Marc Lapprand made a knight of French culture and education

Marc Lapprand

Three decades of research into a cult figure of French literature has earned Professor Marc Lapprand one of France’s highest honours for culture and education.

In March, the Department of French Chair was made a chevalier (knight) of the Ordre des Palmes académiques, a national order of France for distinguished academics that was originally founded by the Emperor Napoléon.

Lapprand received the distinction for his work on the French modernist writer Boris Vian, whom Lapprand described as a “blend of Lewis Carroll, Richard Brautigan and James Joyce, if compared to an English speaking writer." Lapprand was also praised for his significant contribution as a professor to the promotion of French culture outside of France.

Vian wrote 10 novels, three books of poetry, more than 60 short stories, 10 theatre plays, half a dozen operas, more than 30 "movie scenarios," three volumes on jazz and about 500 songs before dying in 1959 at age 39.

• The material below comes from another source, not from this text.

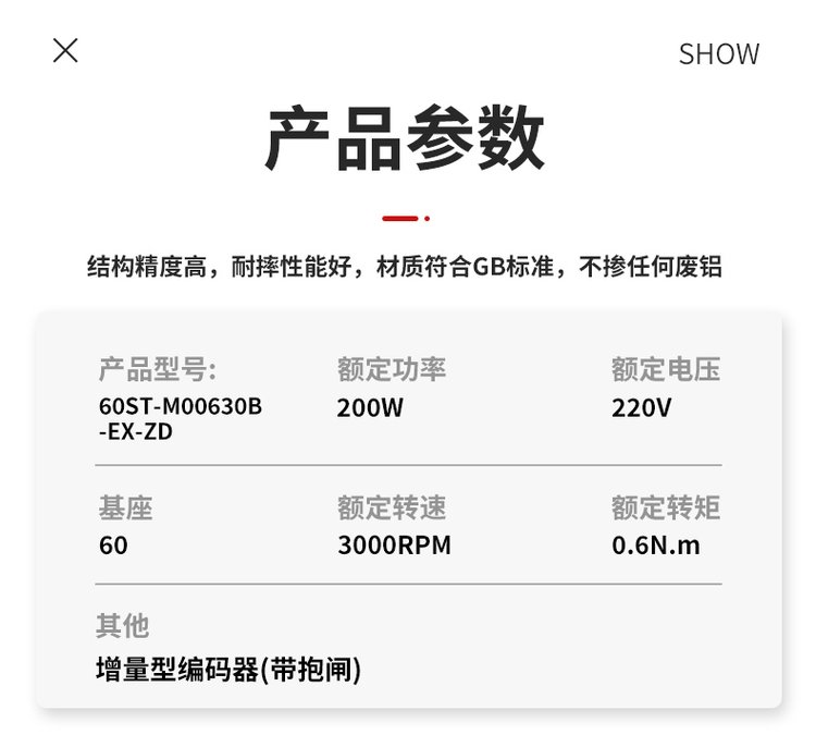 配件名称 | NSK轴承,多摩川编码器,F级绝缘漆 | ||

"I wrote my PhD thesis on him, which I defended in 1989. I've been working on him for 30 years," Lapprand says.

Lapprand, who specializes in 20th-century French literature, says Vian has cult status in France, especially among young people. In 2010, leading French publisher Gallimard published a critical edition of Vian's work, which included his entire prose works along with more than 1200 footnotes. Over four years, Lapprand supervised the team that produced the highly regarded Gallimard edition, which has gone onto sell more than 40,000 copies.

"These books will appeal to erudite readers or very curious readers. It contains a load of information you don't normally get in a published book," he says. "It is by far my most published achievement."

Lapprand has published three books on Vian, as well as 14 articles and more than 20 prefaces or introductions for other scholarly works on the writer. Lapprand will be awarded his medal at an official ceremony in September.

"It's an unexpected recognition but I'll take it. I'm very pleased for the department and for the faculty as well," he says.

Two other former members of the French Department have received the honour in the past, Barrie Beardsmore and Danielle Thaler.